#### BRIEF
Drop every picture. Return the rest of the entries exactly.

------ TASK INPUT

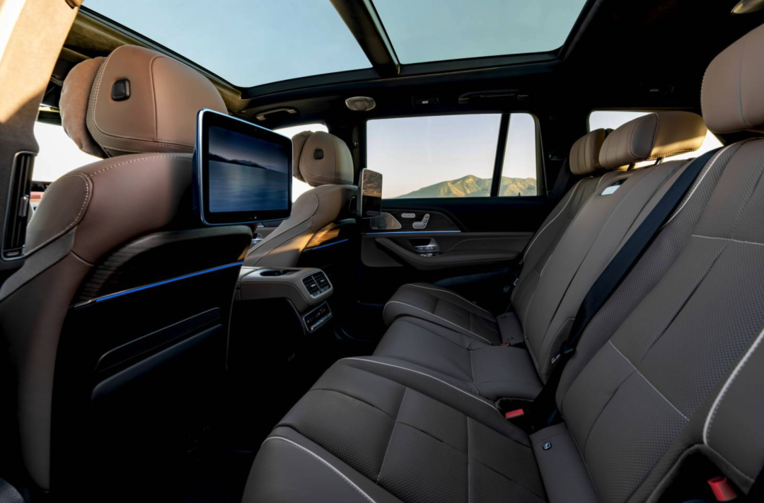 GLS 在座舱技术架构上和 GLE 共享同一套底子,同样标配 MBUX Superscreen,但作为定位更高的全尺寸旗舰,它在后排新增了 2 块 11.6 英寸屏幕,7 个电动座椅也成为全系标配,内饰则新增了「山毛榉棕」配色,有木纹饰板和铝质饰板两种选择。
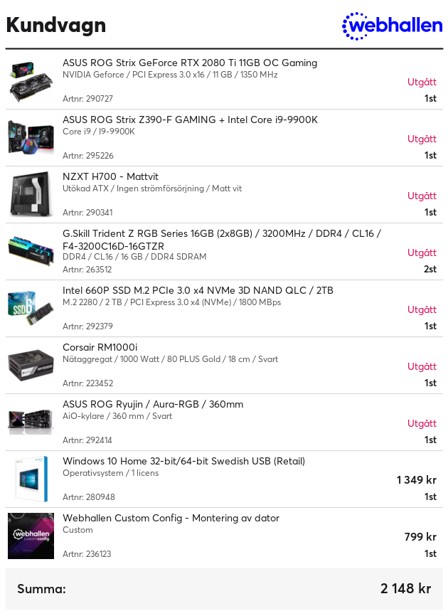 Intel 9900K, Aorus master, g.skill 3200mhz 16gb,Lian li dynamic,Corsair Masterliquid ML360R RGB,ssd 970 1TB, ssd2 970 500Gb, 1080 TI gigabyte. Corsair 850W Vit.
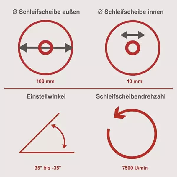 100 x 10 mm brusni točak Debljina brusnog točka: 3.2 mm Štitinik od varnica Ugao brušenja -35 ° do 35 ° |
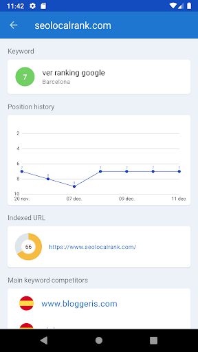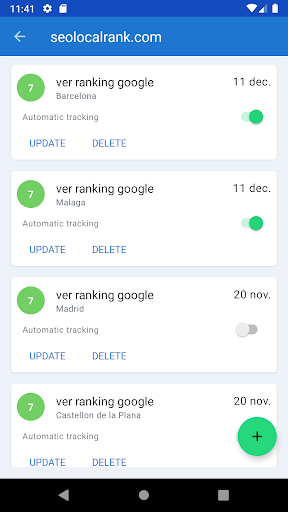 Descubra como suas palavras-chave se comportam em outras cidades. As outras ferramentas apenas fornecem informações sobre a posição global para cada palavra-chave, para que você não saiba em que posição elas aparecem em outros locais. Com SEO LOCAL RANK seu SEO dá um passo à frente e você descobre, em primeira mão, a evolução de suas palavras-chave por geolocalização em tempo real.
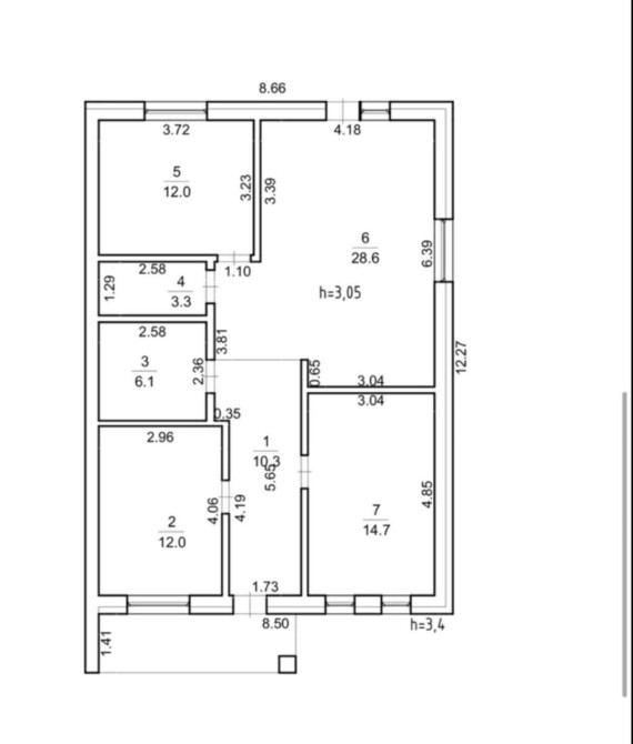 Три спальні, санвузол, паливна/технічне приміщення
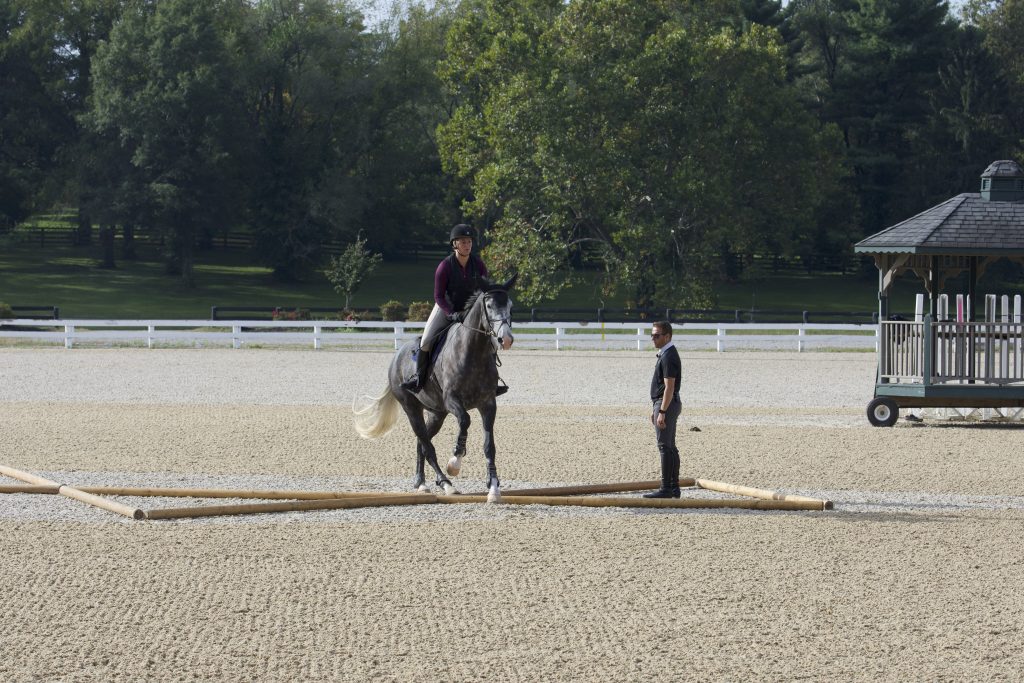 Riemer gave demonstrations of this exercise at the 2021 EQUITANA USA forum in Lexington, Kentucky. Here the rider is introducing her horse to the exercise by cantering over the tips of two triangles made of ground poles, focusing on her horse’s rhythm and straightness.
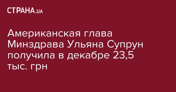 Зарплата исполняющей обязанности министра здравоохранения Ульяны Супрун за декабрь составила 23 675,43 гривны. Об этом сообщают "Украинские Новости"
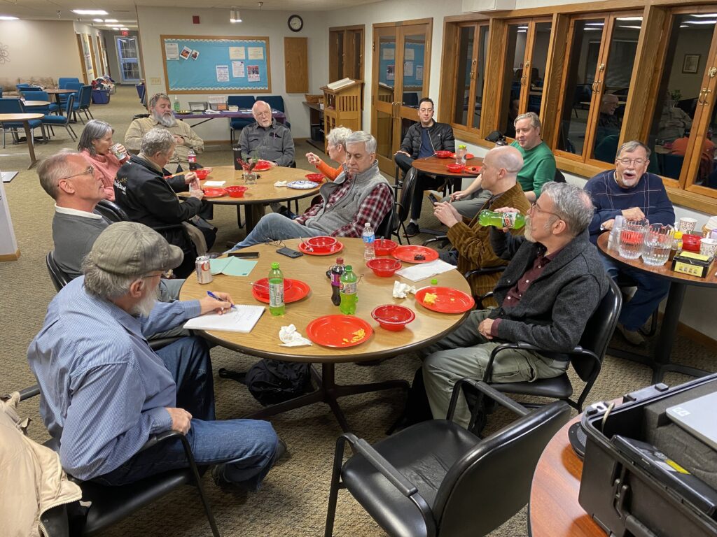 Time again for our annual Chili Dinner! It was a great crowd at Discovery United Methodist Church–13 people were there in person, andTodd Anderson joined us via Zoom. Special thanks go to Sandy Meyer (and Steve!) who catered the dinner. The menu was chili, cornbread, veggies, dessert, and more! Very good food, and everyone enjoyed it.
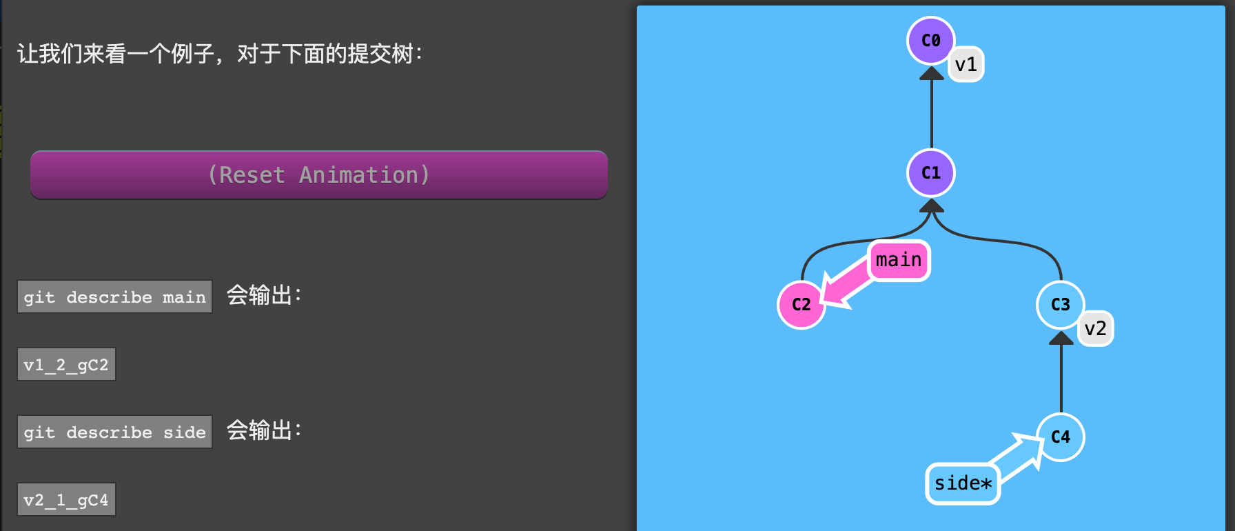 这样看git describe side也就好懂了,就是距离v2有一个提交
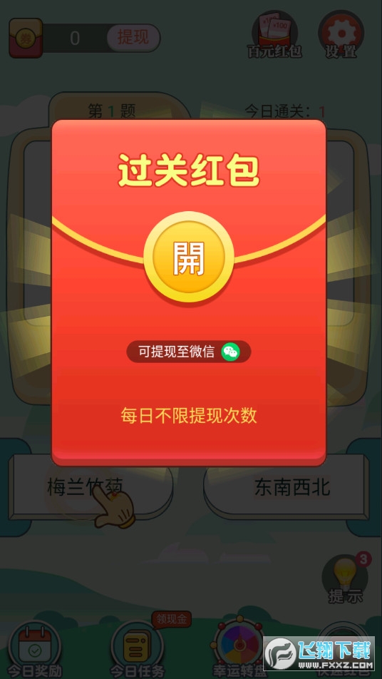 3.玩游戏赚钱,答对题目越多赚取的愈多,金币直接兑换现金没上限;
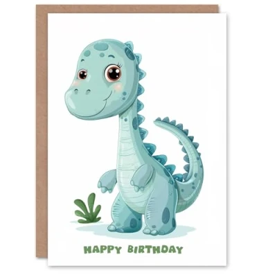 Artery8 Birthday Card Cute Blue Baby Dinosaur Cartoon Kids Child For Son Daughter Girl Boy Happy
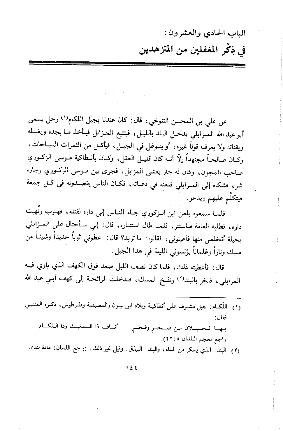عن علي بن المحسن التنوخي قال: كان عندنا بجبل اللكام رجل يسمى أبو عبد الله المزابلي يدخل البلد بالليل فيتتبع المزابل فيأخذ ما يجده ويغسله ويقتاته ولا يعرف قوتاً غيره، أو يتوغل في الجبل فيأكل من الثمرات المباحات، وكان صالحاً مجتهداً إلا أنه كان قليل العقل، وكان بأنطاكية موسى الزكوري صاحب المجون، وكان له جار يغشى المزابل، فجرى بين موسى الزكوري وجاره شر، فشكاه إلى المزابلي فلعنه في دعائه فكان الناس يقصدونه في كل جمعة فيتكلم عليهم ويدعو، فلما سمعوه يلعن ابن الزكوري جاء الناس إلى داره لقتله فهرب ونهبت داره، فطلبه العامة فاستتر فلما طال استتاره قال: إني سأحتال على المزابلي بحيلة أتخلص بها فأعينوني، فقالوا له: ما تريد؟ قال: أعطوني ثوباً جديداً وشيئاً من مسك وناراً وغلماناً يؤنسوني الليلة في هذا الجبل، قال: فأعطيته ذلك، فلما كان نصف الليل صعد فوق الكهف الذي يأوي فيه المزابلي فبخر بالند ونفخ المسك فدخلت الرائحة إلى كهف أبي عبد الله

------------

#### RESULT BELOW
 GLS 在座舱技术架构上和 GLE 共享同一套底子,同样标配 MBUX Superscreen,但作为定位更高的全尺寸旗舰,它在后排新增了 2 块 11.6 英寸屏幕,7 个电动座椅也成为全系标配,内饰则新增了「山毛榉棕」配色,有木纹饰板和铝质饰板两种选择。
 Intel 9900K, Aorus master, g.skill 3200mhz 16gb,Lian li dynamic,Corsair Masterliquid ML360R RGB,ssd 970 1TB, ssd2 970 500Gb, 1080 TI gigabyte. Corsair 850W Vit.
 100 x 10 mm brusni točak Debljina brusnog točka: 3.2 mm Štitinik od varnica Ugao brušenja -35 ° do 35 ° |
 Descubra como suas palavras-chave se comportam em outras cidades. As outras ferramentas apenas fornecem informações sobre a posição global para cada palavra-chave, para que você não saiba em que posição elas aparecem em outros locais. Com SEO LOCAL RANK seu SEO dá um passo à frente e você descobre, em primeira mão, a evolução de suas palavras-chave por geolocalização em tempo real.
 Три спальні, санвузол, паливна/технічне приміщення
 Riemer gave demonstrations of this exercise at the 2021 EQUITANA USA forum in Lexington, Kentucky. Here the rider is introducing her horse to the exercise by cantering over the tips of two triangles made of ground poles, focusing on her horse’s rhythm and straightness.
 Зарплата исполняющей обязанности министра здравоохранения Ульяны Супрун за декабрь составила 23 675,43 гривны. Об этом сообщают "Украинские Новости"
 Time again for our annual Chili Dinner! It was a great crowd at Discovery United Methodist Church–13 people were there in person, andTodd Anderson joined us via Zoom. Special thanks go to Sandy Meyer (and Steve!) who catered the dinner. The menu was chili, cornbread, veggies, dessert, and more! Very good food, and everyone enjoyed it.
 这样看git describe side也就好懂了,就是距离v2有一个提交
 3.玩游戏赚钱,答对题目越多赚取的愈多,金币直接兑换现金没上限;
 Artery8 Birthday Card Cute Blue Baby Dinosaur Cartoon Kids Child For Son Daughter Girl Boy Happy
عن علي بن المحسن التنوخي قال: كان عندنا بجبل اللكام رجل يسمى أبو عبد الله المزابلي يدخل البلد بالليل فيتتبع المزابل فيأخذ ما يجده ويغسله ويقتاته ولا يعرف قوتاً غيره، أو يتوغل في الجبل فيأكل من الثمرات المباحات، وكان صالحاً مجتهداً إلا أنه كان قليل العقل، وكان بأنطاكية موسى الزكوري صاحب المجون، وكان له جار يغشى المزابل، فجرى بين موسى الزكوري وجاره شر، فشكاه إلى المزابلي فلعنه في دعائه فكان الناس يقصدونه في كل جمعة فيتكلم عليهم ويدعو، فلما سمعوه يلعن ابن الزكوري جاء الناس إلى داره لقتله فهرب ونهبت داره، فطلبه العامة فاستتر فلما طال استتاره قال: إني سأحتال على المزابلي بحيلة أتخلص بها فأعينوني، فقالوا له: ما تريد؟ قال: أعطوني ثوباً جديداً وشيئاً من مسك وناراً وغلماناً يؤنسوني الليلة في هذا الجبل، قال: فأعطيته ذلك، فلما كان نصف الليل صعد فوق الكهف الذي يأوي فيه المزابلي فبخر بالند ونفخ المسك فدخلت الرائحة إلى كهف أبي عبد الله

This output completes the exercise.